Берг промолчал – он еще не знал, каким транспортом придется добираться до его цели.

Они разместились в каютах и поднялись в ресторан. Публики в просторном зале было мало – курильчане, возвращавшиеся из отпусков, по давней традиции оставляли все деньги на материке и по дороге домой обходились «сухим пайком». Поужинав, вышли на палубу. Легкие волны в свете луны отблескивали свинцом, из динамика неслись старые шлягеры. Берг стоял на корме, неотрывно глядя на след теплохода – как будто под кормой кипел огромный чайник. Хохолок на Берговой макушке трепыхался.

– Андреас, вы ведь на Дальнем Востоке в первый раз? – не удержалась Маша.

Берг повернулся, посмотрел молча, потом словно нехотя сказал:

– Я несколько раз побывал в Японии. Почти рядом.

– Ну, Япония это совсем другое, – слегка обиделась Маша. – Я имею в виду на нашем Дальнем Востоке.

– Да-да, впервые.

– А что вас так сюда потянуло?

– Всегда интересно повидать новое место, – вежливо улыбнулся Берг. – И это моя работа.

– Ну, вы как хотите, а я пойду спать. – Маша вдруг почувствовала, что еще секунда – и она уснет прямо здесь, на палубе.

– Желаю вам спокойной ночи! – поклонился Берг.

Маша засмеялась и сделала книксен. Ей почему-то вдруг стало весело. В каюту она спускалась, подпевая судовой трансляции: «Со всех вокзалов поезда уходят в дальние края-а…»


«Игорь Фархутдинов» встал на рейде Курильска утром. В ясном прохладном воздухе беспорядочная россыпь серых домов на склоне сопки с сиреневыми столбиками дыма над крышами была похожа на какую-то огромную свалку. За сопкой невероятной декорацией плыл в воздухе симметричный силуэт вулкана Богдан Хмельницкий. Вылитая гора Фудзи на картинах Хокусая, в который раз подумала Маша.

– Вы не находите, что этот вулкан очень похож на свитки Хокусая? – Берг повернулся к Маше, блеснув бриллиантом в ухе.

– Похож, очень похож. – Маша не удивилась познаниям немца, но ее снова неприятно поразило то, что он словно прочитал ее мысли.

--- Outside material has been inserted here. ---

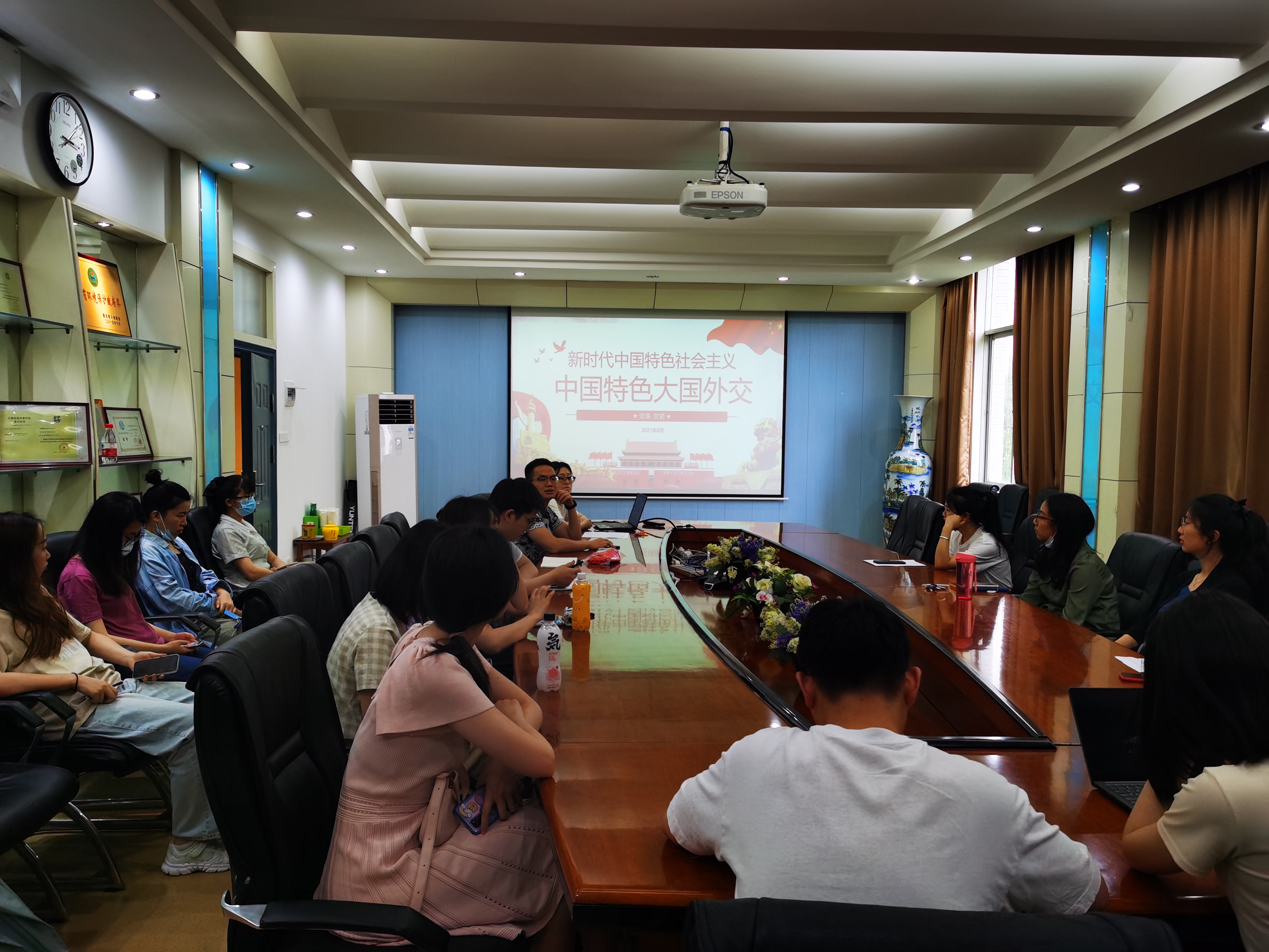会议第一项,由党支部组织委员刘娟同学为大家带来了以“新时代中国特色社会主义之中国特色大国外交”为主题的党课学习分享。刘娟同学介绍到,中国特色大国外交理念是与时俱进不断发展的有中国特色的大国外交新战略。中国特色大国外交理念要求我们在总结实践经验的基础上,丰富和发展对外工作理念,使我国对外工作有鲜明的中国特色、中国风格、中国气派。紧接着,张静娴同学和曹诗翊同学分别分享了自己的学习心得体会。

К борту «Фархутдинова» с тарахтением и плеском подвалил плашкоут – плоскодонная баржа, на которую надо было высаживаться по хлипкому трапу. Плашкоут колыхался на волне явно не в такт с судном. Берг недоверчиво смотрел, как приплывшие домой курильчане ловко сигают вниз, держа в руках объемистые чемоданы и баулы.

Два матроса, скалясь и отпуская нехитрые шутки, внизу подхватывали только женщин и детей. Наконец спрыгнула вниз и Маша, ей не дали удариться о черную палубу, аккуратно придержали на весу. Берг сначала передал вниз свои щегольские чемодан и рюкзак – матросы переглянулись, но ничего не сказали, как опасалась Маша. Наверное, поняли, что какая-то шишка. Потом немец неловко прыгнул сам с кофром в руках, чуть не упал, но выровнялся и поблагодарил матросиков, хотя те стояли опустив руки. Матросы еще раз переглянулись. Плашкоут потарахтел к деревянному причалу.

На причале стоял долговязый Славка, издалека размахивая длинными руками.

– Приехала, вот молодец! – что есть духу орал он, распугивая стоящих рядом женщин.

Посадив Машу и Берга в уазик, довез до редакции районки.

– Ну, рассказывай! – Славка уселся верхом на стул, заплетя под него ноги. – На сколько приехала, чем пособить?

Пока Маша в который уже раз объясняла цель поездки и свою роль при Берге, тот осторожно оглядывал крошечный кабинет Нефедова – продавленный диван, колченогий стол, портрет президента на стене, пожелтевшие подшивки районной газеты и электрический чайник на подоконнике, на котором замысловатым узором сплетались следы от кружек. Маше стало смешно – наверняка Берг никогда в жизни ничего подобного не видел.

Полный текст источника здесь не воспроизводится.